Prologue
Michael Dougan bounced off the door frame of O'Connell's Bar and heard the bolts slam home behind him. It was three o'clock in the morning. He'd been the last to leave following a card game that had begun after most of the regulars had traipsed home on what had been a wet and blustery night. Dougan steadied himself against the bar's heavy stone windowsill and felt for the leather pouch in his coat pocket. The illuminated sign above the door had been switched off hours before and he cursed under his breath as he dropped the cigarette paper on to the wet pavement.
Making his way, crab-like, to the lamp post, he lined a new paper with rolling tobacco. He'd been hand-making cigarettes since he was eight years old – first for his dad and uncles, then, not long after, for himself and his pals. As drunk as he was, his fingers twiddled expertly to make the thin kind of smoke he'd become used to in prison. He ran his tongue along the gummed edge, patted his pockets and swore again.
Placing the roll-up behind his ear, he re-orientated himself to his surroundings. Either direction would eventually lead him to his bedsit half a mile away but, as usual, he wanted to go via the former family home to stand in front of the old house and bask in its melancholy gaze. Then he'd chuck a stone or two at a window and shout something appropriately offensive in the direction of the sleeping form of that b***h of an ex-wife of his.
As he lurched forward on his journey, Dougan didn't see the man standing in the shadows of an alleyway. He stopped and steadied himself against the wall as the man stepped into the outer edges of the glow of a street lamp.
'Jesus but you gave me a start. Do ya have a light?'
'I don't smoke, sorry,' the man lied.
'Hey I know you, don't I?' Dougan pulled himself in at the stomach and squared his shoulders when no reply was forthcoming. 'And what would you be doing abroad on a fine night such as this?'
The man backed out of the light and into the shadows once more.
Dougan followed, his blood flowing with boozy courage. The man without a light, the man he thought he'd seen before, was younger, fitter and taller. Dougan's addled brain took in the reality of the situation and calculated the likely consequences of a poor decision.
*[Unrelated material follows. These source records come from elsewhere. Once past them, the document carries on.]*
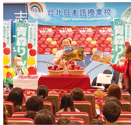
日本語を習う小学生・保護者に青森県産りんごの魅力をPR

2022年12月16日・17日に、青森県産りんごの輸出拡大を図るため、一般社団法人青森県りんご対策協議会の「青森りんごキャンペーン」と連携して、台湾で青森プロモーションを行いました。百貨店や量販店でステージイベントを開催し、青森県産りんごのおいしさや品質の高さをPRしたほか、行政機関や教育施設などを訪問し、交流を深めました。
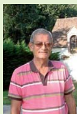
PHILIPPE ARBEL Maire de Chevry

Commission Communication, relations publiques, liaison avec les communes
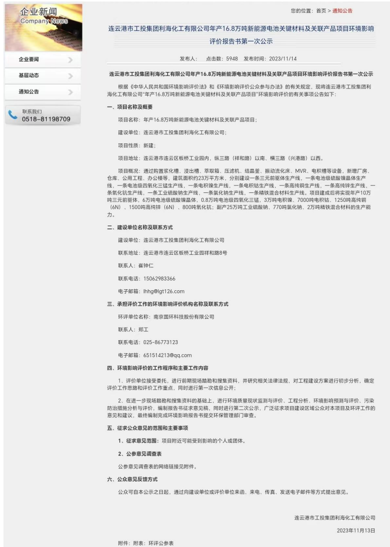
图 2.2-1 第一次网络公示截图

首次环境影响评价信息采用网络公示，公示网站为江苏凯实金桥新材料有限公司官网，网站对外公开，因此，本项目首次环境影响评价信息公示选取的网络平台符合相关要求。公示网址： http://www.lygsgtlh.cn/NewsView.asp?ID=352&SortID=3 ，首次公示网页截图见图2.2-1。
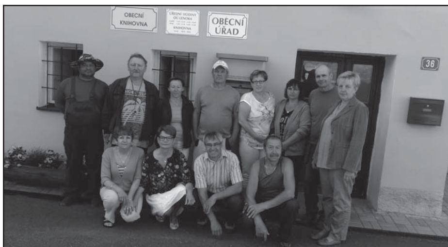
Zaměstnanci obecního úřadu
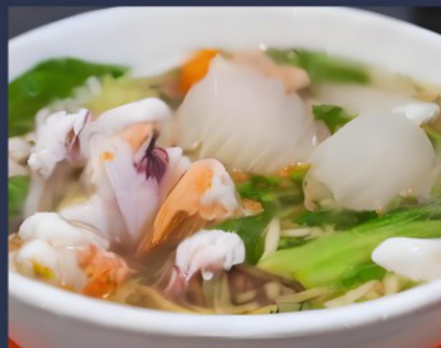
71 海鲜汤面 Noodle Soup Seafood Soupe de nouilles aux fruits de mer 28.5

图片仅供参考·所有菜品以最终实物为准 Pictures are for reference only to all the dishes in the end in kind
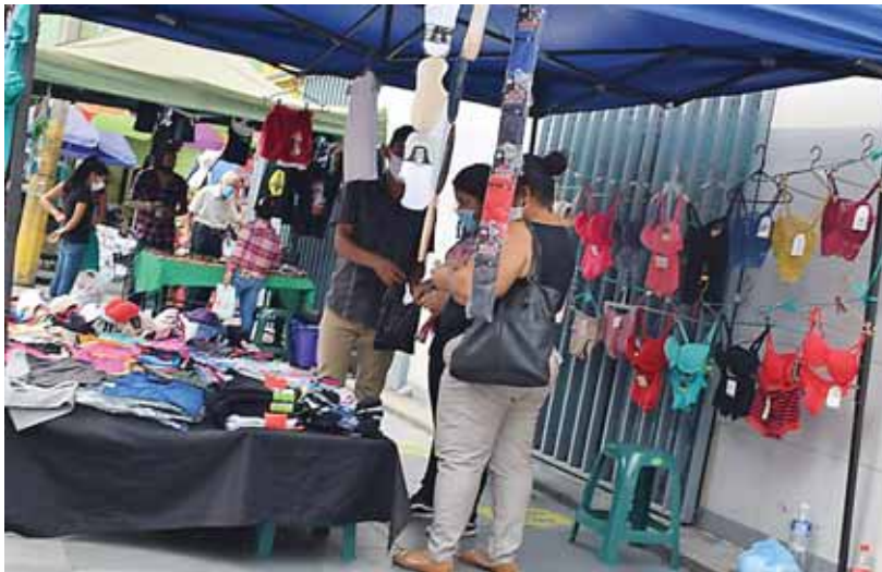
Los comerciantes exhiben sus productos para logra adquirir ventas y aunque la situación económica no es la mejor esperan están optimistas.

El vendedor dijo que los productos él los elabora, recordando la cultura de México y Guatemala, que fueron apoyados por sus artesanías, por lo que espera recibir y continuar con negocio.
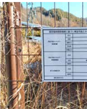
保守点検責任者が倒産し、除草されない野立てソーラー
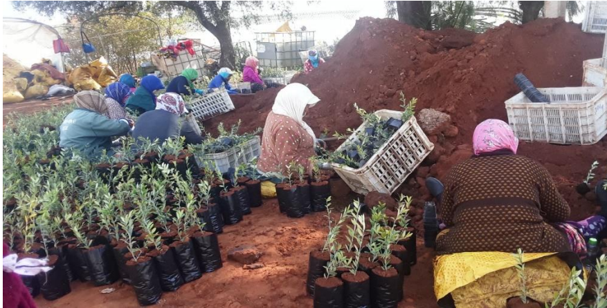
Photo 1. Préparation des plants d'oliviers au niveau de l'exploitation A

Les facilités de déplacement vers l'exploitation agricole demeurent un facteur important pour les femmes ouvrières permanentes et occasionnelles. La femme caporale se charge d'annoncer en avance d'une semaine ou deux aux femmes qu'il y aura du travail dans l'exploitation pour qu'elles se préparent. A chaque fois que les employeurs ont besoin de travailleuses, ils amènent les mêmes femmes des villages qui entourent le lieu de travail. C'est le chauffeur de l'exploitation qui assure le transport après avoir fixé avec elles un point de ramassage.

It rejected any logical notion of self-preservation and instructed his legs to move into the alley. The cobbles were wet. He had to step around a large puddle and manoeuvre past the wooden crates and bin bags left over from the day's market. He could smell piss and rotting vegetables. It didn't improve his mood.
Dougan's fists clenched in readiness for the swift one-two that would crown his night. His eyes adjusted to the darkness, just enough to see the outline of the figure standing to his front several feet away. He made himself as tall as he could under the circumstances.
'Oi, I asked you a question.'
'Matthew.'
Dougan peered through the gloom as a face moved out of the shadows. 'Matthew?'
'My brother.'
'Jesus.' Bravado had given way to fear as recognition slopped across the pickled synapses of a mind that saw its future in the darkness.
'No, not Jesus: Matthew.' The man fired the silenced .22 calibre pistol twice and Dougan fell where he had stood.
The man with the g*n listened. The town was quieter than any town he'd ever known. The body on the cobbles didn't move. He looked down into the wide staring eyes of the dead man and fired three shots into the face. There would be no open coffin.
Dougan was the last. It was time to go home.